## Work instructions
Your answer must consist solely of the lines from the one containing "فتح باب الترشيح" through the last line of the records below, reproduced exactly, with all pictures omitted.
══ Stored data
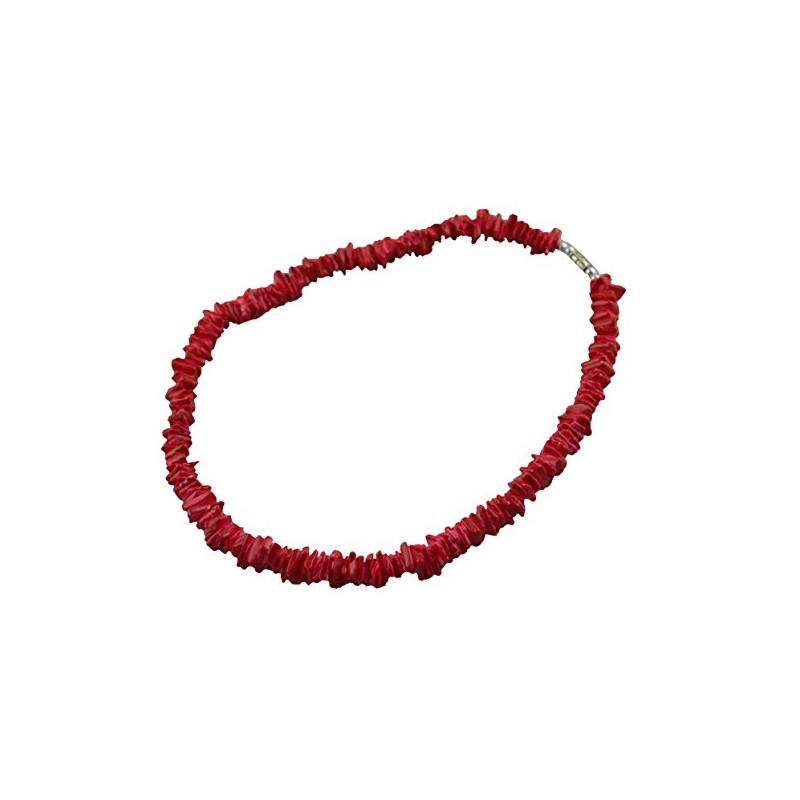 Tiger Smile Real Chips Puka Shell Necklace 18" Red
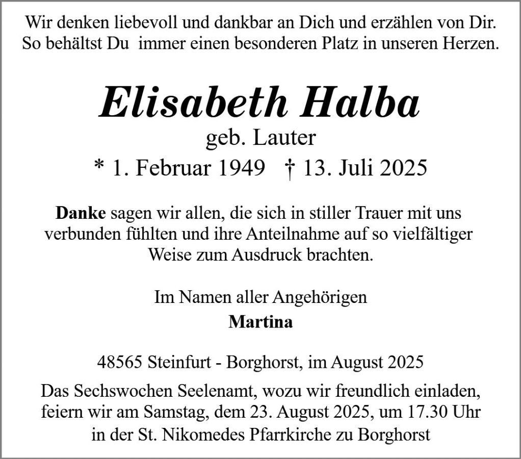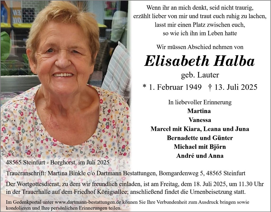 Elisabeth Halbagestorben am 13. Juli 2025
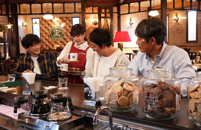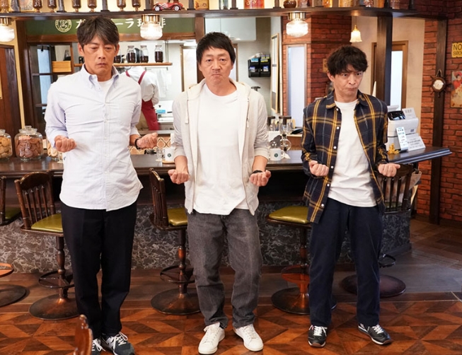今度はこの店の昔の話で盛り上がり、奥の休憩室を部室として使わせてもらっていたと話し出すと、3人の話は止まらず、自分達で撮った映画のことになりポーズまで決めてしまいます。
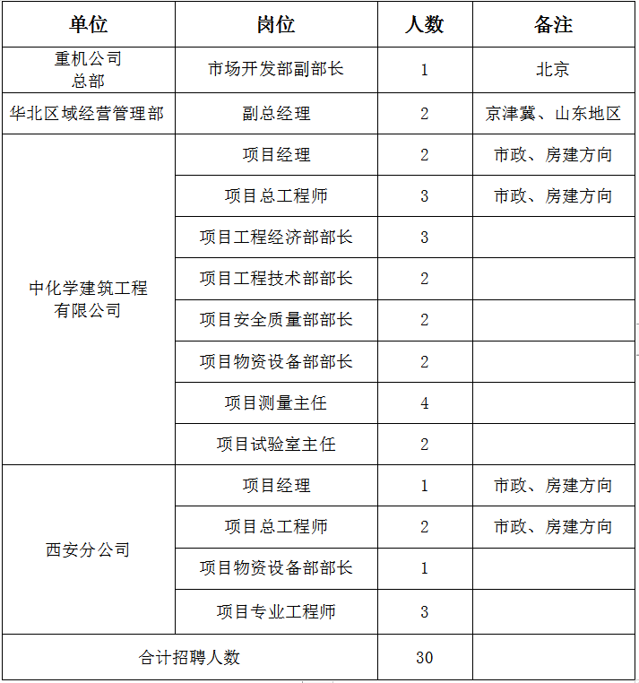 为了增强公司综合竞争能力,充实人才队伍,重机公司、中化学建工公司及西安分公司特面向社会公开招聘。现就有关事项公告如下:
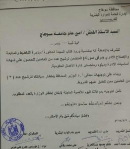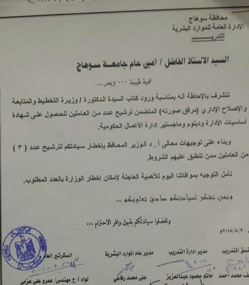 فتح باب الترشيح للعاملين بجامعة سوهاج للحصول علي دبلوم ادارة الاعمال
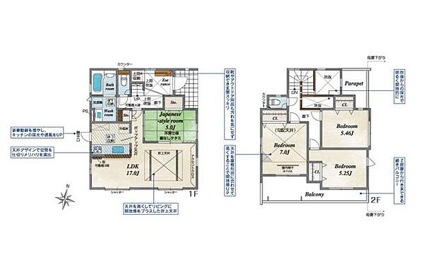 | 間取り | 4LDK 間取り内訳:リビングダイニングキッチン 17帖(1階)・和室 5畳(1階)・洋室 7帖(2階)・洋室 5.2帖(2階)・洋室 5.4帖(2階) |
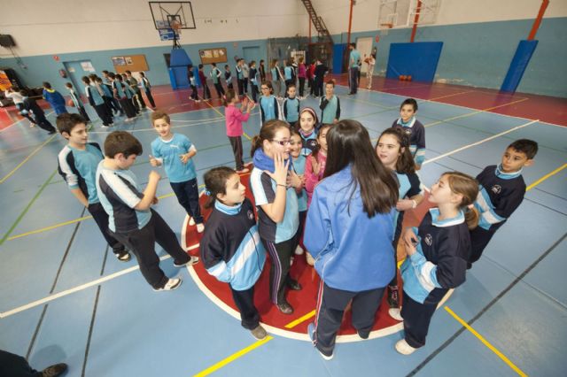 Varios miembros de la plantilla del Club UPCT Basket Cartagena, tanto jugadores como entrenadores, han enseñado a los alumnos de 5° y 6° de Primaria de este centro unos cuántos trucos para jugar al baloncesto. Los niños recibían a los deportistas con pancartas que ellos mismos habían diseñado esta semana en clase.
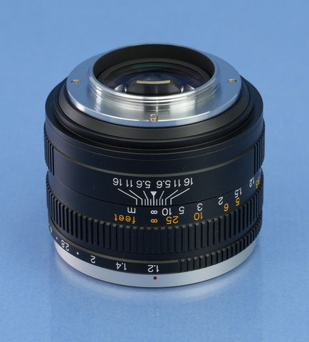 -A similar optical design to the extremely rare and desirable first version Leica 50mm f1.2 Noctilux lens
════
## Output of the task
 فتح باب الترشيح للعاملين بجامعة سوهاج للحصول علي دبلوم ادارة الاعمال
 | 間取り | 4LDK 間取り内訳:リビングダイニングキッチン 17帖(1階)・和室 5畳(1階)・洋室 7帖(2階)・洋室 5.2帖(2階)・洋室 5.4帖(2階) |
 Varios miembros de la plantilla del Club UPCT Basket Cartagena, tanto jugadores como entrenadores, han enseñado a los alumnos de 5° y 6° de Primaria de este centro unos cuántos trucos para jugar al baloncesto. Los niños recibían a los deportistas con pancartas que ellos mismos habían diseñado esta semana en clase.
 -A similar optical design to the extremely rare and desirable first version Leica 50mm f1.2 Noctilux lens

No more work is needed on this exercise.